O brutal assassinato do imigrante congolês Moïse Kabagambe por um grupo no Rio de Janeiro volta a colocar em atenção um tipo de violência que é constante no Brasil: o linchamento.

As características próprias desse caso “sugerem um alargamento dos motivos de linchamentos no Brasil”, diz o sociólogo José de Souza Martins, que estuda há 30 anos esse tipo de violência no país e é autor do livro Linchamentos – A Justiça Popular no Brasil.

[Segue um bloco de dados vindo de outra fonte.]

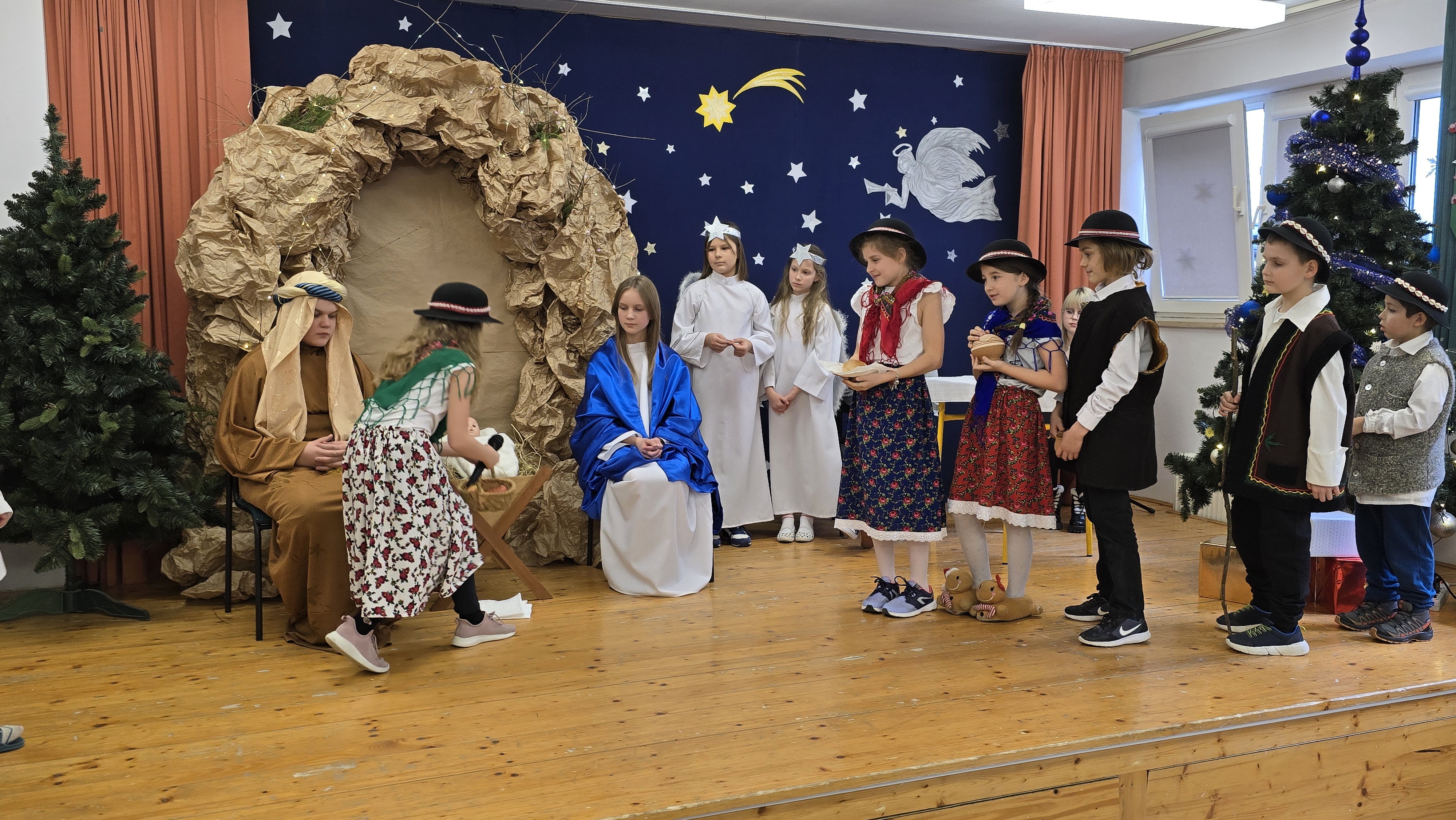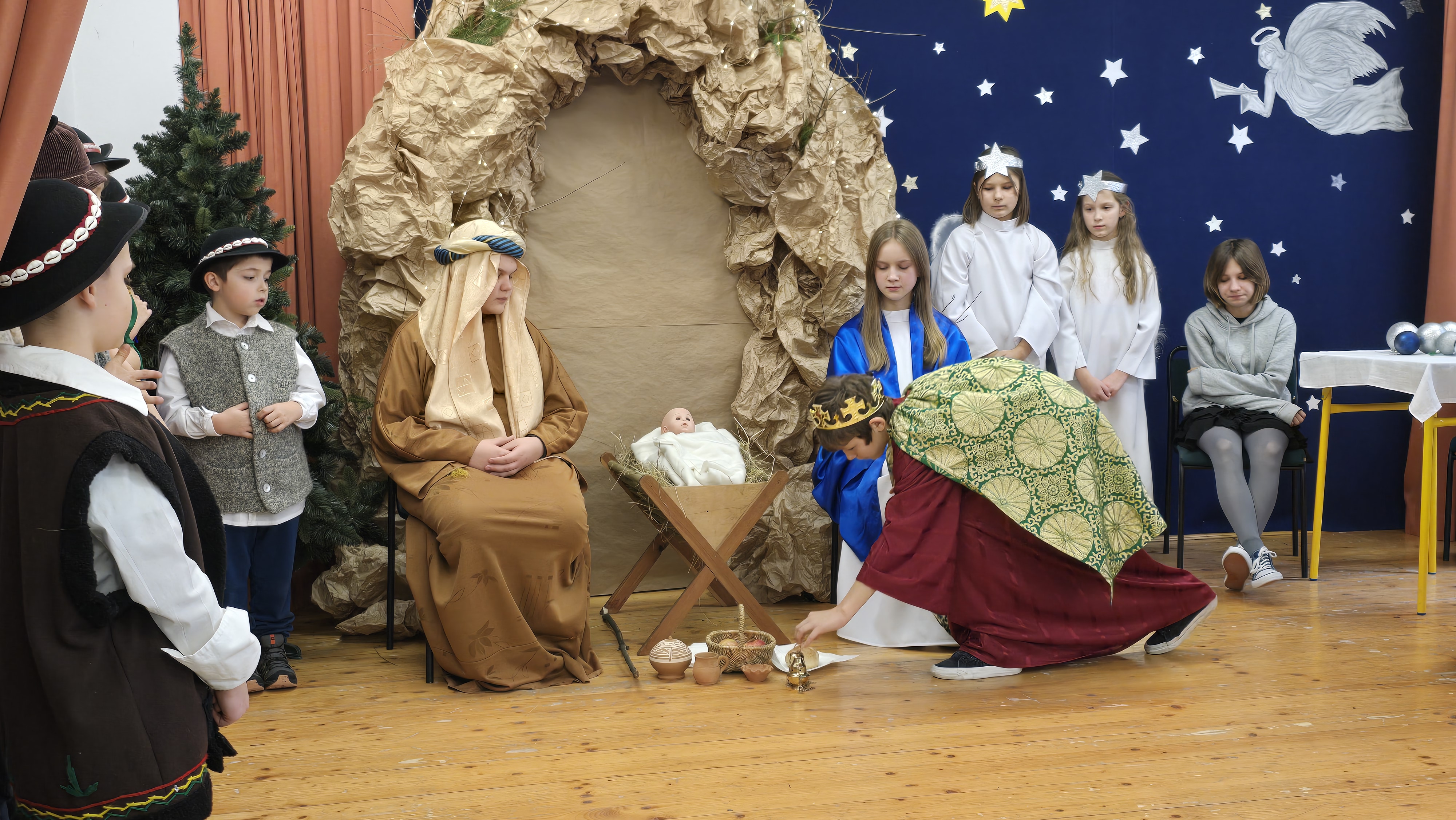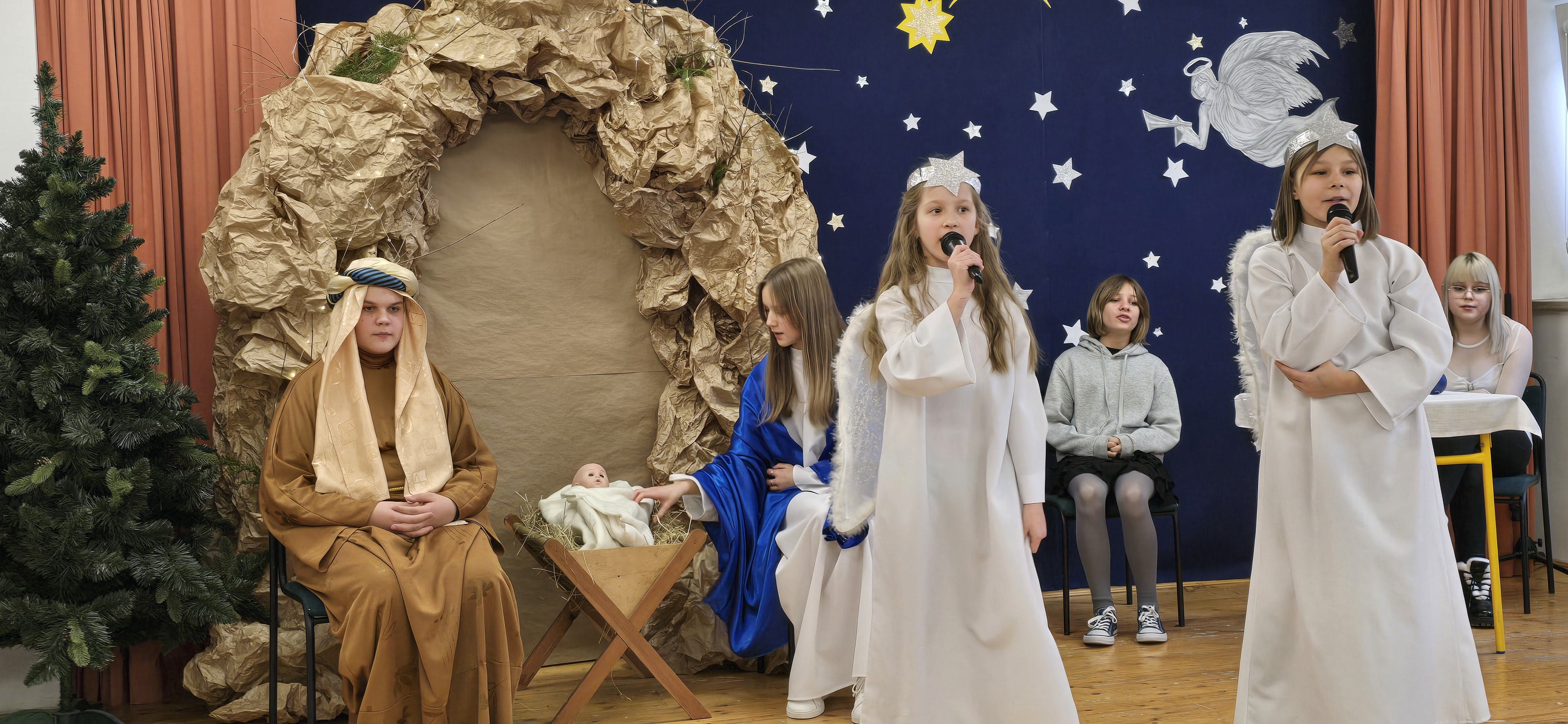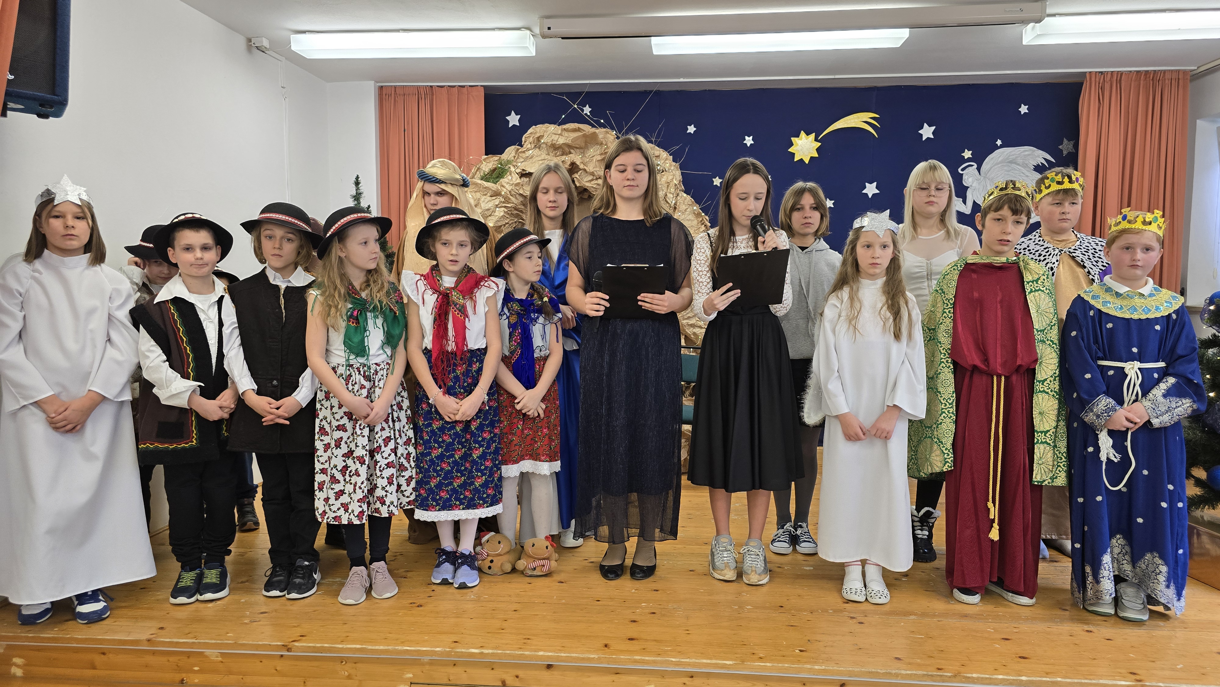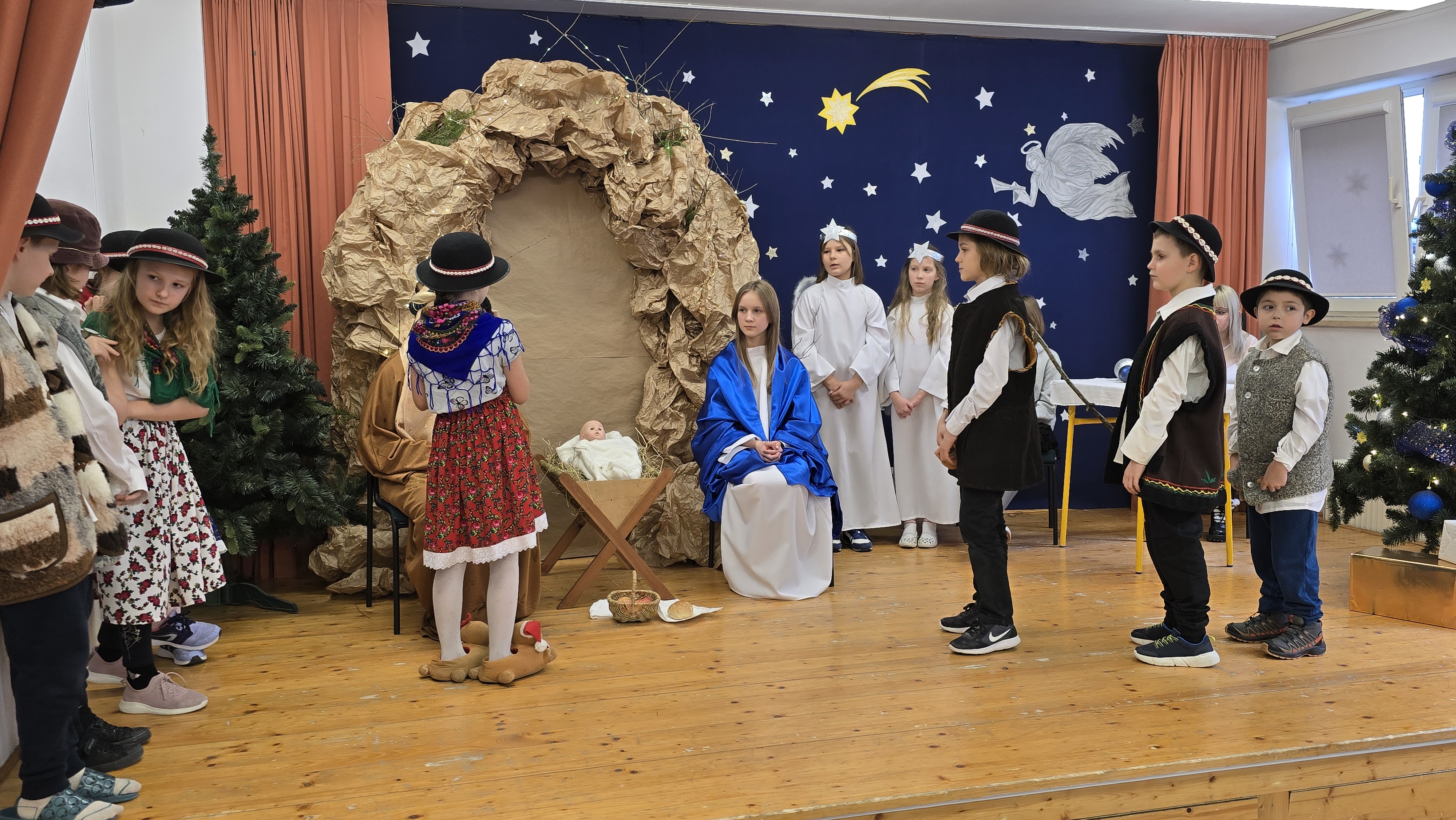 Dnia 19 grudnia 2024 roku uczniowie naszej szkoły wystawili tradycyjne jasełka. W spektaklu udział wzięli uczniowie z różnych klas.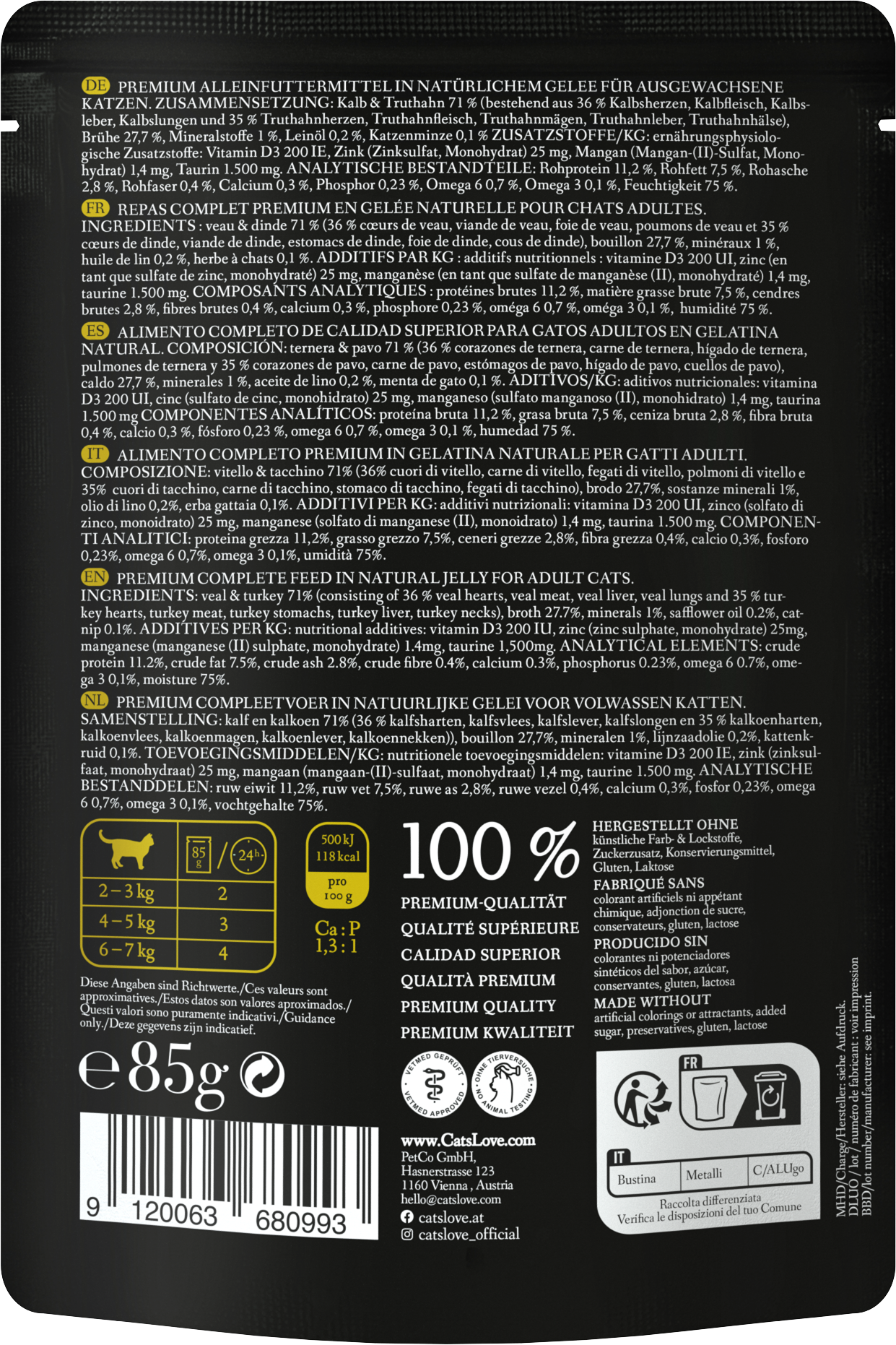 CAT's LOVE Adult - Pâtée au veau & à la Dinde, 85 g

Ele afirma que há agora motivações “que não correspondem ao que a tradição popular até há alguns anos considerava motivo para linchar. Esse caso envolve cobrar o débito por um trabalho realizado”, diz o sociólogo José de Souza Martins, que estuda há 30 anos esse tipo de violência no país.

Moïse, de 24 anos, foi espancado até a morte no dia 24 de janeiro, depois de cobrar o pagamento de diárias atrasadas no quiosque onde trabalhava na praia da Barra da Tijuca, zona oeste do Rio.

O sociólogo afirma que continua “monitorando, diariamente, essas ocorrências no Brasil. Hoje, há no país ao menos um linchamento ou tentativa por dia. No geral, dois ou três”.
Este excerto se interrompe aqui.